Running has been hard. Some days, even the college by my house which uses enough salt to keep the walks clear at 10 degrees, can't keep the stream of melt turn to a blanket of ice. Some days, it wasn't so much like walking as ice skating. I still ran, a little, slowly but on my tip-toes.

It seems that it might be forty degrees over the next few days. The snow banks are getting smaller. There will still be that sheet of wet ice when I run because it will still freeze overnight. But when I start counting the curb ice in inches rather than feet, when walking up the driveway doesn't require sending Cleo the dog up first so she can pull me by her leash, when I don't wear my wool hat every day, when running through the college is more mud than Dorothy Hamill impersonation, then I will look at the blue skies--here for a record 6 days in a row now, and, even though break is almost a week over, call it spring.

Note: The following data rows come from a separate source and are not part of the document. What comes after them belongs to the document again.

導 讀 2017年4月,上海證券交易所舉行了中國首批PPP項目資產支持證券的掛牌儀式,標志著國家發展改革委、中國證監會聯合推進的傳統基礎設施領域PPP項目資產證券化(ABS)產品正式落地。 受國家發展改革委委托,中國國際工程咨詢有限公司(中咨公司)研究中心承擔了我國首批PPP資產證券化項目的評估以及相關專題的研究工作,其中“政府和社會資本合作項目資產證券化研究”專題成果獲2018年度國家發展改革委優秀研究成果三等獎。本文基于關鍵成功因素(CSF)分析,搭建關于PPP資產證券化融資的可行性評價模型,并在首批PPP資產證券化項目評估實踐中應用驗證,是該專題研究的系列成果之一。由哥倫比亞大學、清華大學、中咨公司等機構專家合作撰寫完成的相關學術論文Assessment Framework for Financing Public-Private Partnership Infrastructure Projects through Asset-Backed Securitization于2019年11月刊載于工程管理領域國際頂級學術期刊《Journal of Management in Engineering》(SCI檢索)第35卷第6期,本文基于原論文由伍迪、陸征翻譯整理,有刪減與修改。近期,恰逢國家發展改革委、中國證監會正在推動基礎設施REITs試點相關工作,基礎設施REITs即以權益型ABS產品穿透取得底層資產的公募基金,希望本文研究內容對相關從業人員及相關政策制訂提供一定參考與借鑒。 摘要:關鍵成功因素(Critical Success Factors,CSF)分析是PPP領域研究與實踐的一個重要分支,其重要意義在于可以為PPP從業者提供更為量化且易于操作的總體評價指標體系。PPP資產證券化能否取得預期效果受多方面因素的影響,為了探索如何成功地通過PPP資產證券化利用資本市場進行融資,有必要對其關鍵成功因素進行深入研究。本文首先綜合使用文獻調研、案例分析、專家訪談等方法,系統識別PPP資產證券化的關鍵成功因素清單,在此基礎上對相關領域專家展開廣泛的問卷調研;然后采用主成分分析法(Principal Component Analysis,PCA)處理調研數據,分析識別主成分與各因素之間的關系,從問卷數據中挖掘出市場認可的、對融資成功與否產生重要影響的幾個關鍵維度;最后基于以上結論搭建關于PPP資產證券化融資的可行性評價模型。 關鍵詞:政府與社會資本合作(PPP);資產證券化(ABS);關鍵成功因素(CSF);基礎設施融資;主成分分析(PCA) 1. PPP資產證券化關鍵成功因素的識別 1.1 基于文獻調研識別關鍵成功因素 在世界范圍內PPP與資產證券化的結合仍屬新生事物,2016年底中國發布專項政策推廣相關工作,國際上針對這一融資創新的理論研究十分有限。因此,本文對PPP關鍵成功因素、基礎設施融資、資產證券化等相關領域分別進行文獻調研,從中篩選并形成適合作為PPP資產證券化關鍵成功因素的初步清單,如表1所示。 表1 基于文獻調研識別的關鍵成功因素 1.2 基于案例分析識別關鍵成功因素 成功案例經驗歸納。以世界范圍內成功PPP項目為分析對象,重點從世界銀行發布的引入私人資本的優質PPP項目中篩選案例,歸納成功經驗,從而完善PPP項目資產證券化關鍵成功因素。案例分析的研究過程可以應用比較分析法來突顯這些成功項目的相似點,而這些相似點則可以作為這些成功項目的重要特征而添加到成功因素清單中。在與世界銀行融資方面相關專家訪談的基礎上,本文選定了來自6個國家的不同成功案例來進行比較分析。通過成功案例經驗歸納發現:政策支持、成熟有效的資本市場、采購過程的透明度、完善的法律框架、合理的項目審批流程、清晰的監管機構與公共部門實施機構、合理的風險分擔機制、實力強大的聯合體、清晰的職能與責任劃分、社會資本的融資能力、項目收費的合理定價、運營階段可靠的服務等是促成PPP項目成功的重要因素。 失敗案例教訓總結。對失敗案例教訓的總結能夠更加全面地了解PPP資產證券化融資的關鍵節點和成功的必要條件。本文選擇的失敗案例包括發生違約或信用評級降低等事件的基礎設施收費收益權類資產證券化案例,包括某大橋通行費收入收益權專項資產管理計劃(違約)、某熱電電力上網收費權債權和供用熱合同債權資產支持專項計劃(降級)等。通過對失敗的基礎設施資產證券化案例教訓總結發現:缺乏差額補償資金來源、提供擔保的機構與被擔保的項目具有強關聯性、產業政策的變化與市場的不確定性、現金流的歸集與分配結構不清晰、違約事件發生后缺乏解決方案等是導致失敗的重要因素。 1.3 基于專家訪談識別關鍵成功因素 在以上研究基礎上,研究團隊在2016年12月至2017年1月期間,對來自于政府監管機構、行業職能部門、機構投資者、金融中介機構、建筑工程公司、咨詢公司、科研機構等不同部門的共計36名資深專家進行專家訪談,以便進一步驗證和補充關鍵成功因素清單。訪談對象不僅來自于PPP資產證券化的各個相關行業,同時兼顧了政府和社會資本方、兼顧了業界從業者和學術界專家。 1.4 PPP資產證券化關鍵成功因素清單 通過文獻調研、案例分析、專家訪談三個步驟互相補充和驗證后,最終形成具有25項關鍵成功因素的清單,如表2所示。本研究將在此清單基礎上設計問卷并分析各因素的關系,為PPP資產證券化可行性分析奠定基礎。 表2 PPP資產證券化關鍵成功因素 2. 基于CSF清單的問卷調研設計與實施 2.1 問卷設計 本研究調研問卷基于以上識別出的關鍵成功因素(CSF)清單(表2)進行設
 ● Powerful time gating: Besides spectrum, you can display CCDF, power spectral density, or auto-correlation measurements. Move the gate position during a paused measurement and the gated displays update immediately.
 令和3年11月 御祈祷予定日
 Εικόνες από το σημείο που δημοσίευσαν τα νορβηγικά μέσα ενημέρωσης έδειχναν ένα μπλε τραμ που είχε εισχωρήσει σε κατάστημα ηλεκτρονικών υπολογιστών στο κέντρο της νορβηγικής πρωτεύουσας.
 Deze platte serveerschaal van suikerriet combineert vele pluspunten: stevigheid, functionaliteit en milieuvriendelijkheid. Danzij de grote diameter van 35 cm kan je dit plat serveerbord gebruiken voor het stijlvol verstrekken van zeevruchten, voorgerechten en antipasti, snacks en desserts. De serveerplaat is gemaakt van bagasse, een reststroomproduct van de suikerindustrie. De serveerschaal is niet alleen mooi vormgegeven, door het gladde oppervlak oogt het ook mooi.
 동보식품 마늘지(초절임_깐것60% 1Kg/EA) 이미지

When I came here, I wondered why we had "fall" and "winter" semesters rather than "fall" and "spring." They laughed when I asked. They said, you'll figure it out.
Now I know.
Still. The curb ice? It's down to inches.

Edited to add: Dorothy Hamill implies some sort of graceful ice-venture. That is not me. In the Upper Penisula, there's the verb pank. It means to tap down the snow hard with a flat tool--possibly called a panker. That's more like what I'm doing with the ice except the ice is already hard so my feet don't make much of an impact.


5 comments:

Lisa B. said...

Ice makes winter extra, extra wintry. My father comes from Idaho, which is cold and icy--when we were up there recently for my Grandmother's funeral, I was impressed yet again with how cold a really cold place is, and how much iciness there was. And Michigan is worse, I'm sure. Or is it better? How cool is that, to learn about the funny words the Uplanders use?

Valerie said...

I am certain that when you arrive in AZ you will at times feel heat as you never have either. You have your extremes.

Dr Write said...

I can't believe you run on ice. I feel especially wimpy compared to you. Yesterday it hailed and I stayed inside!!

Molly said...

We are Yoopers, though Uplanders makes us sound more regal and Danish somehow.

I like geographic words like pank. I also like geographic jokes. Next time I see you, remind me to tell you the one about the GR restaurant called Russ's.

Molly said...

Shoot. I just realized I gave away the punchline in that last comment.